Sanzim: I’d like to add on to how the team created a very advanced mechanical design for this rover. This has made our rover travel through rough and tricky terrain where most of the competing teams were unsuccessful. 

Interviewer: The field of robotics and space exploration is constantly evolving. How did your team incorporate innovative technologies to stay ahead of the curve?

Mahir: In the case of navigation, we introduced depth cameras to our design. This helped us determine the distance between the object and rover, which helps the rover travel to any certain point very accurately. 

Sanzim: Apart from that, we also improved a lot in AI and sensory technology. Our AI algorithms have improved a lot in identifying soil samples, stone detection, and tool detection precisely.

Interviewer: During the competition, did your team have any interesting interactions or knowledge-sharing experiences with other participating teams?

Mahir: After days of working with machines, everyone was pretty exhausted. So we ended up having just usual conversations, which itself was interesting as we got to know about different people coming from different parts of the world.

Photo Credit: BRACU Mongol Tori

Interviewer: Participating in such competitions demands a significant investment of time and effort. How did your team manage balancing between academic commitments and competitions?

Mahir: It is honestly really hard to manage both. Personally, I have to give more time for rover, compared to what I invest in academics. Sometimes it affects my academic results, but I tend to study as much as I can. 

Sanzim: I had to drop a semester to give my full attention to this challenge. It is hard, but the thrill and experience make everything worth it. I try my best to keep a balance between both. I have always seen our seniors manage somehow, so that keeps me going too.

Interviewer: The URC is an excellent platform for networking and building connections within the robotics and space exploration communities. Have any opportunities or collaborations emerged for your team?

Mahir: One of the judges of this competition, Helen, exchanged a lot of ideas with us. She is a working scientist at NASA and we’re planning to have regular discussions with her on how to improve the science missions.

Sanzim: As the majority of us are from CSE or MNS departments, we do have some knowledge gaps about the scientific sides of the rover missions and Mars itself. Having the opportunity to converse with the leading scientists from similar field was a great opportunity for us.

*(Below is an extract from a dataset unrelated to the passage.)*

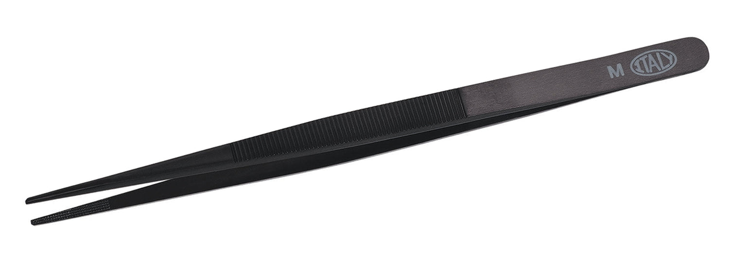 These tweezers are designed for versatility and comfort. The medium length provides balanced control for extended use, while the black finish minimizes glare and enhances visibility on light backgrounds. Perfect for precise work where grip stability matters.

Interviewer: Please share with us what this achievement means to your team and your university? 

Mahir: After our return, we saw our juniors being very motivated by our performance. I believe our achievement has been an inspiration for many aspiring students here at BracU. The other rover teams- Duburi and Dishari, were also inspired to do even better than us; and we hope that they do. So yeah, it shows how competitive and determined the students in this institution are.

Interviewer: Beyond the competition, what are your personal ambitions in these fields?

Sanzim: I am personally in charge of the mechanical side of Mongol Tori. I want to make it much better and more efficient before my tenure is over. Hopefully, someday this will contribute to our mission to Mars as an entire species. 

Mahir: I don’t have specific goals per se, but I love creating things. So I still want to contribute in building a better rover that can be a pinnacle of technology within our hands.

Interviewer: Finally, what advice would you give to the aspiring teams who are considering participating in the URC or similar competitions?

Mahir: Firstly, you have to be prepared. Expect the worst. Because in a competition like this, anything can happen. So you’ve got to be committed to go through whatever challenge you’ll face. Sanzim: I would advise to stay really focused on fixing the problem you’ll face. Keeping a checklist of the essentials that you need to have for the competition is a must. And lastly, having the mentality of winning is the key to success in these sorts of competitions. That’s all!